Alors, comme un dandy en diable surgissant d’une boîte à surprises toujours renouvelées, Xavier Gallais alias « Jacques Valois » pourrait tirer les marrons du feu de l’amour qui, sans cesse, le courtise mais constamment le diffère de Paris à Trouville, et vice versa.

Légères comme les bulles d’un Champagne demi brut, les paillettes « Belle époque » des costumes (David Belugou) enivrent le décor (Bernard Fau) à double détente, entre grand restaurant et villégiature balnéaire, dans l’écho mythique de la « Putain sublime » qu’elle puisse se nommer « Lolita », « Lulu » ou autre « Nana ».

Theothea le 21/09/10

LE TECHNICIEN

de Eric Assous

mise en scène:  Jean-Luc Moreau 

****

Théâtre du Palais Royal

Tel:  01 42 97 40 00   

 

      photo ©  Bernard Richebé  

   

Après dix années de carrière en solo respectif, le couple Giraud-Jansen à la ville se reforme à la scène, celle prestigieuse du Palais-Royal.

Maaïke et Roland ont emmené dans leurs bagages de saltimbanques, leur fidèle complice Jean-Luc Moreau à la direction d’acteurs ainsi que l’auteur à succès récurrents, Eric Assous.

Fort de cet équipage gagnant-gagnant, six autres comédiens viennent les relayer dans un tourbillon de quiproquos où deux ex., séparés par vingt-cinq années de destin individuel, se retrouvent subitement confrontés à des retrouvailles où la hiérarchie professionnelle est en butte aux regards croisés des collaborateurs.

En effet, devenue directrice d’une maison d’édition littéraire, Séverine Chapuis règne en maîtresse femme sur un microcosme où l’intuition doit s’emboîter avec les « bons coups » médiatiques alors que le flair doit protéger des risques de mauvaise fortune.

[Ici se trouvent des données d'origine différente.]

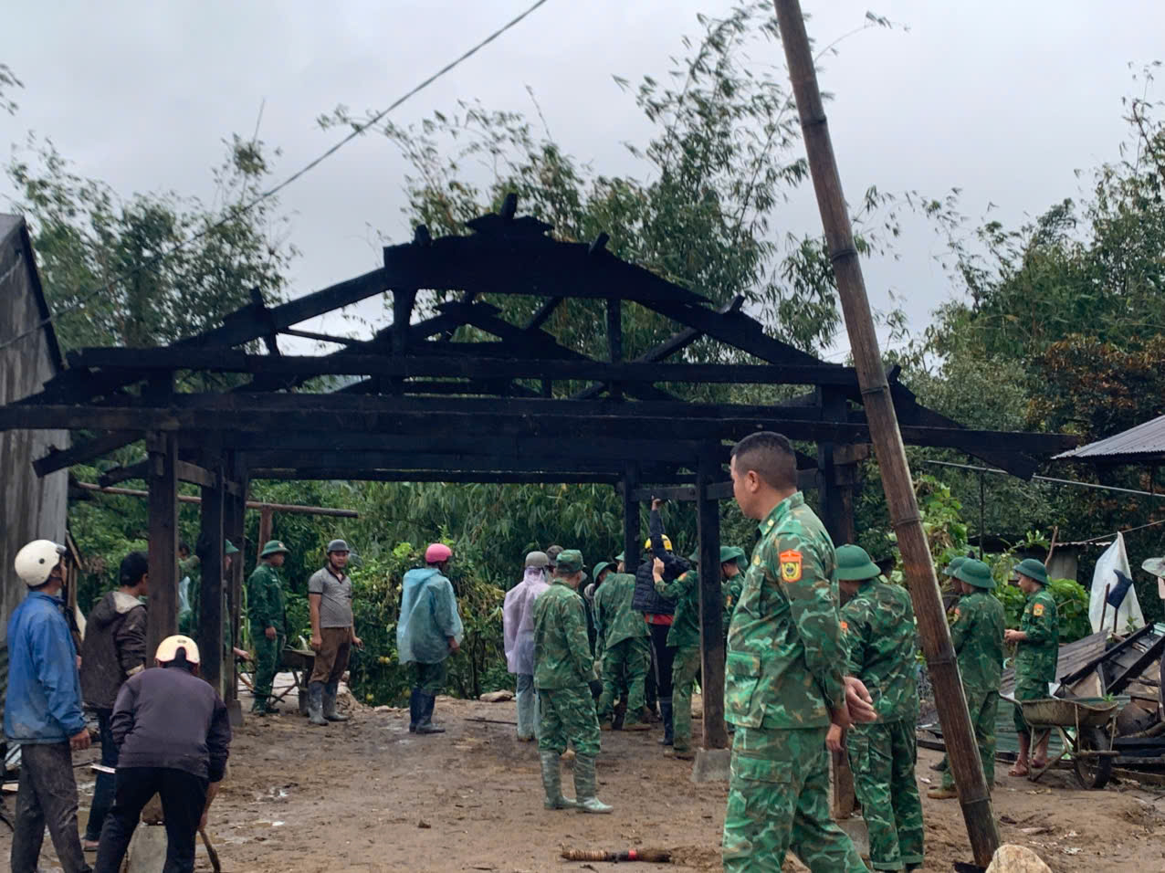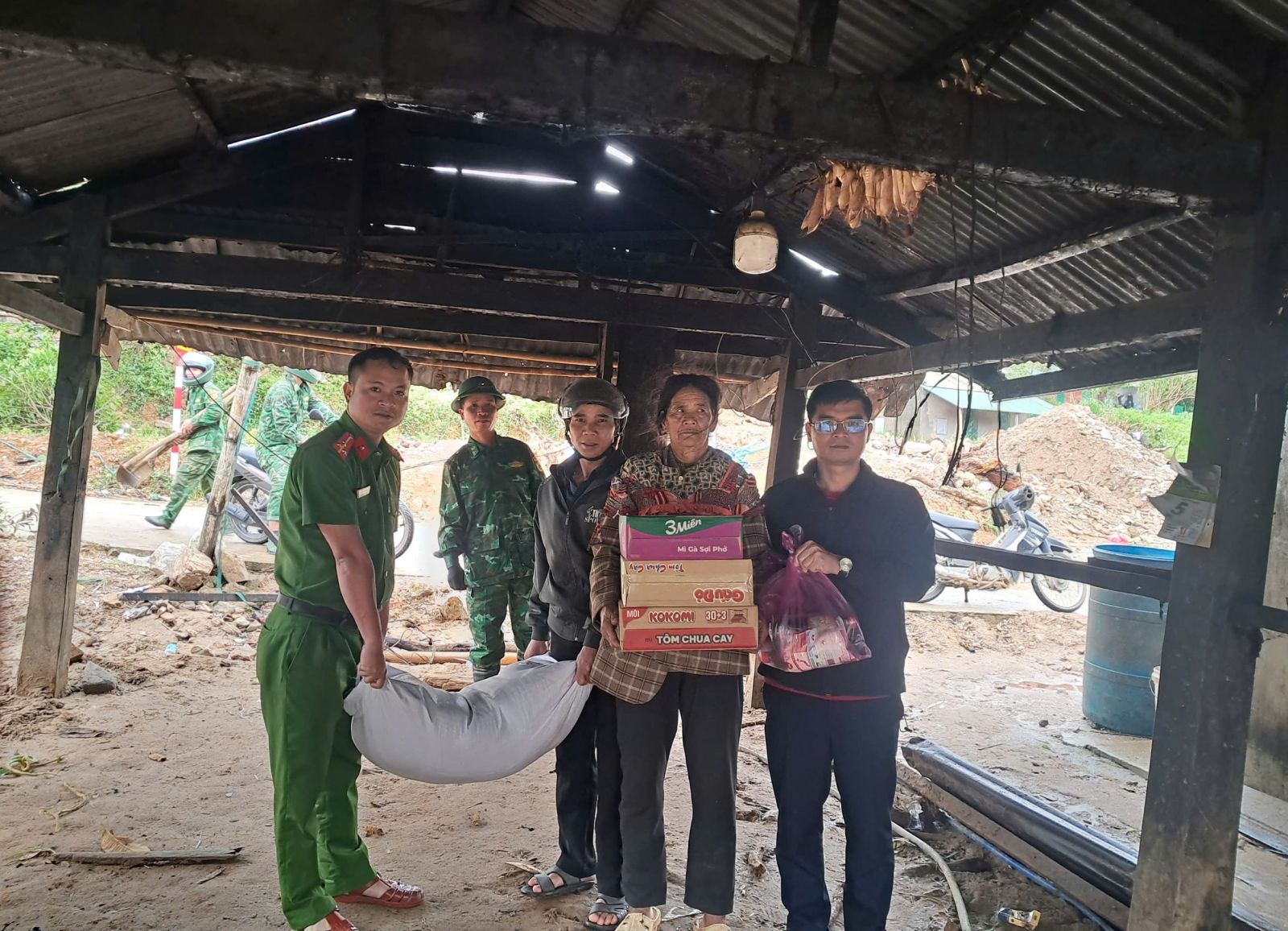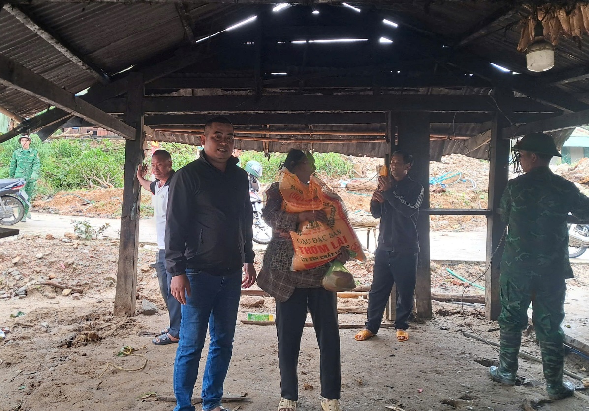 Lãnh đạo xã Đăk Plô trao nhu yếu phẩm hỗ trợ và huy động lực lượng dân quân, Công an xã, Đồn Biên phòng Đăk Plô giúp hộ gia đình khắc phục hậu quả sau cơn bão số 13 -Kalmaegi

Mais comment maîtriser la situation totalement inattendue du retour inopiné de l’ex-conjoint « has been », alors même que Séverine s’est remise en ménage, apparemment heureux, avec Patrice, son manager de publication ?

Voici donc Jean-Pierre Chapuis promu technicien de surface, autrement dit en position d’« homme à tout faire », fonction pour laquelle celui-ci, pour son profit, ne va pas tarder à imaginer les prérogatives.

Il suffirait peut-être d’une assistante peu scrupuleuse en amour, d’un fils caché monté sur patins à roulettes, d’un directeur de lecture à inclinations hors sujets, pour que le cheptel « maison » d’écrivains « petites plumes » s’enraye dans la machine à produire du best-seller.

C’est alors que JP, sous le très discret pseudo d’« Auguste » , armé de son matériel d’entretien et de nettoyage au Karcher pourrait, sans doute, être tenté de faire chanter tout ce beau monde.

C’est peu de dire que Maaïke Jansen règne en grande instigatrice des chassés-croisés et autres imbroglios cocasses, insufflant à tous ses partenaires le surcroît d’énergie qui fait le bonus d’une comédie.

Roland Giraud, un peu comme à guignol, saisit les opportunités de tirer la couverture à lui, mais laisse volontiers à son épouse-comédienne, la juste reconnaissance du talent exceptionnel.

Ainsi complices, en se passant le témoin, du stylo au balai-brosse, le couple Girand-Jansen renvoie au public, l’image d’un jeu de rôles truculents assumés jusqu’aux confins du professionnalisme.